Each line below should be written out again without any change.
*** Dataset records Section Begins ***
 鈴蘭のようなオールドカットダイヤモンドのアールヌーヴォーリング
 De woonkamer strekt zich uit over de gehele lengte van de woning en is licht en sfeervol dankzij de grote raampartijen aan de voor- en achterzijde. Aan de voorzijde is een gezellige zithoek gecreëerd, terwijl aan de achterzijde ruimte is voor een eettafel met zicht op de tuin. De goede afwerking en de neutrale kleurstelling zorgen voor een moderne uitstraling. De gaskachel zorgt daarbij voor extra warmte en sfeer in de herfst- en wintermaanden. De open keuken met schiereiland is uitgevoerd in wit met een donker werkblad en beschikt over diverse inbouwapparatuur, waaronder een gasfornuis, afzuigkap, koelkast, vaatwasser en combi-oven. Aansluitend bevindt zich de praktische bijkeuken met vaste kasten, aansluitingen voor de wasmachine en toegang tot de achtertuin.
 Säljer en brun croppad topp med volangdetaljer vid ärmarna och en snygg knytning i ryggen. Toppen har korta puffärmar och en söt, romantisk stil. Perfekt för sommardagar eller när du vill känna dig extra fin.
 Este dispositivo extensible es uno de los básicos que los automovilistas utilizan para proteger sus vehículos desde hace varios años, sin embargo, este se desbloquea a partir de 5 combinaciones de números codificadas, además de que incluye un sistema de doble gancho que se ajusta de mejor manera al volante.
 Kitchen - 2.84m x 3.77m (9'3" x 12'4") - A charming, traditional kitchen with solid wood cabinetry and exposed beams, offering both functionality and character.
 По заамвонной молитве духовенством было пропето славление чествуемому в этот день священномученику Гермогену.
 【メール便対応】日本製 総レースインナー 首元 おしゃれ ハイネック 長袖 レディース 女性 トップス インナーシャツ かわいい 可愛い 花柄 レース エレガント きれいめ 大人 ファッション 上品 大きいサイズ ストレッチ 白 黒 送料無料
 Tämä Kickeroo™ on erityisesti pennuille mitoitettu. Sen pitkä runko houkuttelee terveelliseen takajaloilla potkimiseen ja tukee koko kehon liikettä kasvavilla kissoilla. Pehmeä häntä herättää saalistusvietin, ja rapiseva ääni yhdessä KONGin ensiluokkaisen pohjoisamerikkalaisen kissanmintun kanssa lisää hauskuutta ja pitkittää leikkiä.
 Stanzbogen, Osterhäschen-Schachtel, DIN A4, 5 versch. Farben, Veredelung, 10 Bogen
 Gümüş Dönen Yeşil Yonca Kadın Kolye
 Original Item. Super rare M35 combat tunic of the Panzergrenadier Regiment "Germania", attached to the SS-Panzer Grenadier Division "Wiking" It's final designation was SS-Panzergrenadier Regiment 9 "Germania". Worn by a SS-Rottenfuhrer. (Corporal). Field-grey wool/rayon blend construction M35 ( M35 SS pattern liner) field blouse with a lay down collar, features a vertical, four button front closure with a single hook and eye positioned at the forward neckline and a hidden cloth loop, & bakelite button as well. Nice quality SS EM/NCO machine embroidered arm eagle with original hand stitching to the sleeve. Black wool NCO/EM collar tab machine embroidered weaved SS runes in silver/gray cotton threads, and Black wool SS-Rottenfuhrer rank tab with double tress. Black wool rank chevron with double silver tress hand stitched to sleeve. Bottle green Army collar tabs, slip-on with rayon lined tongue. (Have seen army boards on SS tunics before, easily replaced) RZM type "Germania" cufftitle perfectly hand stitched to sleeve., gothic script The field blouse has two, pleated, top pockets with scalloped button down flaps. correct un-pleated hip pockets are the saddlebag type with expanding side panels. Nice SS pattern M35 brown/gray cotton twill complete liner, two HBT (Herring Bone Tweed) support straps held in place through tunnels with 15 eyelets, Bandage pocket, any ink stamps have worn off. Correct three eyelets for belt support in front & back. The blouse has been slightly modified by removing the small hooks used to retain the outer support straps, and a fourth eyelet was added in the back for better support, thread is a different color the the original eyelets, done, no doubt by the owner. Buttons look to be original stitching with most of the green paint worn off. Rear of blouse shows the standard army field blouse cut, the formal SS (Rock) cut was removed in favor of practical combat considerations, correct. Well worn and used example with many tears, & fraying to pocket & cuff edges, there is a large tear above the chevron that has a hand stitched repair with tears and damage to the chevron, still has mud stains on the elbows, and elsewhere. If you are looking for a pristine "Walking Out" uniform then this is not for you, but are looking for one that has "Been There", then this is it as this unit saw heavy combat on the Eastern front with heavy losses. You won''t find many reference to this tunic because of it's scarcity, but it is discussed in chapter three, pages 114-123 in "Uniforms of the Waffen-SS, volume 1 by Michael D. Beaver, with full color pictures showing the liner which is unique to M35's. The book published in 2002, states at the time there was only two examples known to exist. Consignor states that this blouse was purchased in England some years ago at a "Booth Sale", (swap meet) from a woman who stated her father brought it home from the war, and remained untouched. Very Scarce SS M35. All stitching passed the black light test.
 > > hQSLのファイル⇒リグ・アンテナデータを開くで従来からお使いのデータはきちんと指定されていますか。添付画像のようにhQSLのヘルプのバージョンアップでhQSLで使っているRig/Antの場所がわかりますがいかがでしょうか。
*** Dataset records Section Ends ***
Response area:
 鈴蘭のようなオールドカットダイヤモンドのアールヌーヴォーリング
 De woonkamer strekt zich uit over de gehele lengte van de woning en is licht en sfeervol dankzij de grote raampartijen aan de voor- en achterzijde. Aan de voorzijde is een gezellige zithoek gecreëerd, terwijl aan de achterzijde ruimte is voor een eettafel met zicht op de tuin. De goede afwerking en de neutrale kleurstelling zorgen voor een moderne uitstraling. De gaskachel zorgt daarbij voor extra warmte en sfeer in de herfst- en wintermaanden. De open keuken met schiereiland is uitgevoerd in wit met een donker werkblad en beschikt over diverse inbouwapparatuur, waaronder een gasfornuis, afzuigkap, koelkast, vaatwasser en combi-oven. Aansluitend bevindt zich de praktische bijkeuken met vaste kasten, aansluitingen voor de wasmachine en toegang tot de achtertuin.
 Säljer en brun croppad topp med volangdetaljer vid ärmarna och en snygg knytning i ryggen. Toppen har korta puffärmar och en söt, romantisk stil. Perfekt för sommardagar eller när du vill känna dig extra fin.
 Este dispositivo extensible es uno de los básicos que los automovilistas utilizan para proteger sus vehículos desde hace varios años, sin embargo, este se desbloquea a partir de 5 combinaciones de números codificadas, además de que incluye un sistema de doble gancho que se ajusta de mejor manera al volante.
 Kitchen - 2.84m x 3.77m (9'3" x 12'4") - A charming, traditional kitchen with solid wood cabinetry and exposed beams, offering both functionality and character.
 По заамвонной молитве духовенством было пропето славление чествуемому в этот день священномученику Гермогену.
 【メール便対応】日本製 総レースインナー 首元 おしゃれ ハイネック 長袖 レディース 女性 トップス インナーシャツ かわいい 可愛い 花柄 レース エレガント きれいめ 大人 ファッション 上品 大きいサイズ ストレッチ 白 黒 送料無料
 Tämä Kickeroo™ on erityisesti pennuille mitoitettu. Sen pitkä runko houkuttelee terveelliseen takajaloilla potkimiseen ja tukee koko kehon liikettä kasvavilla kissoilla. Pehmeä häntä herättää saalistusvietin, ja rapiseva ääni yhdessä KONGin ensiluokkaisen pohjoisamerikkalaisen kissanmintun kanssa lisää hauskuutta ja pitkittää leikkiä.
 Stanzbogen, Osterhäschen-Schachtel, DIN A4, 5 versch. Farben, Veredelung, 10 Bogen
 Gümüş Dönen Yeşil Yonca Kadın Kolye
 Original Item. Super rare M35 combat tunic of the Panzergrenadier Regiment "Germania", attached to the SS-Panzer Grenadier Division "Wiking" It's final designation was SS-Panzergrenadier Regiment 9 "Germania". Worn by a SS-Rottenfuhrer. (Corporal). Field-grey wool/rayon blend construction M35 ( M35 SS pattern liner) field blouse with a lay down collar, features a vertical, four button front closure with a single hook and eye positioned at the forward neckline and a hidden cloth loop, & bakelite button as well. Nice quality SS EM/NCO machine embroidered arm eagle with original hand stitching to the sleeve. Black wool NCO/EM collar tab machine embroidered weaved SS runes in silver/gray cotton threads, and Black wool SS-Rottenfuhrer rank tab with double tress. Black wool rank chevron with double silver tress hand stitched to sleeve. Bottle green Army collar tabs, slip-on with rayon lined tongue. (Have seen army boards on SS tunics before, easily replaced) RZM type "Germania" cufftitle perfectly hand stitched to sleeve., gothic script The field blouse has two, pleated, top pockets with scalloped button down flaps. correct un-pleated hip pockets are the saddlebag type with expanding side panels. Nice SS pattern M35 brown/gray cotton twill complete liner, two HBT (Herring Bone Tweed) support straps held in place through tunnels with 15 eyelets, Bandage pocket, any ink stamps have worn off. Correct three eyelets for belt support in front & back. The blouse has been slightly modified by removing the small hooks used to retain the outer support straps, and a fourth eyelet was added in the back for better support, thread is a different color the the original eyelets, done, no doubt by the owner. Buttons look to be original stitching with most of the green paint worn off. Rear of blouse shows the standard army field blouse cut, the formal SS (Rock) cut was removed in favor of practical combat considerations, correct. Well worn and used example with many tears, & fraying to pocket & cuff edges, there is a large tear above the chevron that has a hand stitched repair with tears and damage to the chevron, still has mud stains on the elbows, and elsewhere. If you are looking for a pristine "Walking Out" uniform then this is not for you, but are looking for one that has "Been There", then this is it as this unit saw heavy combat on the Eastern front with heavy losses. You won''t find many reference to this tunic because of it's scarcity, but it is discussed in chapter three, pages 114-123 in "Uniforms of the Waffen-SS, volume 1 by Michael D. Beaver, with full color pictures showing the liner which is unique to M35's. The book published in 2002, states at the time there was only two examples known to exist. Consignor states that this blouse was purchased in England some years ago at a "Booth Sale", (swap meet) from a woman who stated her father brought it home from the war, and remained untouched. Very Scarce SS M35. All stitching passed the black light test.
 > > hQSLのファイル⇒リグ・アンテナデータを開くで従来からお使いのデータはきちんと指定されていますか。添付画像のようにhQSLのヘルプのバージョンアップでhQSLで使っているRig/Antの場所がわかりますがいかがでしょうか。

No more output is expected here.